US 11,869,257 B2
	AR-based labeling tool for 3D object detection model training
Guoqiang Hu, Shanghai (CN); Sheng Nan Zhu, Shanghai (CN); Yuan Yuan Ding, Shanghai (CN); Hong Bing Zhang, Beijing (CN); Dan Zhang, Beijing (CN); and Tian Tian Chai, Beijing (CN)
Assigned to International Business Machines Corporation, Armonk, NY (US)
Filed by International Business Machines Corporation, Armonk, NY (US)
Filed on Mar. 19, 2021, as Appl. No. 17/206,255.
Prior Publication US 2022/0300738 A1, Sep. 22, 2022
Int. Cl.

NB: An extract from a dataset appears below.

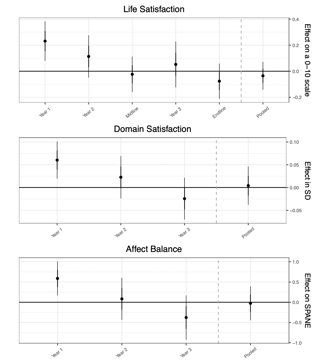 I've posted about it in more detail on social media (X / Bluesky), but I wanted to flag the new results on subjective well-being. Namely, these transfers - which represent 40% of baseline household income - have an effect on multiple different measures of well-being in year 1, but not in year 2 or 3.

G06V 10/44 (2022.01); G06V 20/80 (2022.01); G06T 7/12 (2017.01); G06V 20/56 (2022.01); G06V 10/82 (2022.01)

CPC G06V 20/80 (2022.01) [G06T 7/12 (2017.01); G06V 10/44 (2022.01); G06V 10/82 (2022.01); G06V 20/56 (2022.01); G06T 2207/20084 (2013.01); G06T 2207/30252 (2013.01)]

25 Claims

1. A computer implemented method for detecting and labeling an object in a 2D image comprising:

receiving a plurality of 2D images from a visual sensor, each image of the plurality of 2D images includes an image of a target object in an surrounding environment;

detecting features and extracting feature points from the plurality of 2D images;

manually marking visible feature points of the target object on each image of the plurality of 2D images;

estimating occluded feature points of the target object in at least one of the plurality of 2D images by defining axis lines starting from visible marked points;

generating from the plurality of 2D images a 3D world coordinate system of the environment surrounding the target object;

mapping each of the marked feature points on the plurality of 2D images to the 3D world coordinate system;

generating a 3D map of the surrounding environment using the extracted feature points;

automatically generating a 3D bounding box for the target object covering all the marked points mapped to the 3D world coordinate system;

determining a ground plane of the 3D world coordinate system;

automatically fitting, in the 3D world coordinate system, the 3D bounding box for the target object in each of the plurality of 2D images based on the visible and estimated occluded points, the axis lines and the ground plane;

mapping the 3D bounding box back to the plurality of 2D images; and

generating a label for the target object surrounded by the 3D bounding box on each of the plurality of 2D images using a machine learning object detection model and projecting the label to corresponding feature points of the target object in the 3D map of the surrounding environment.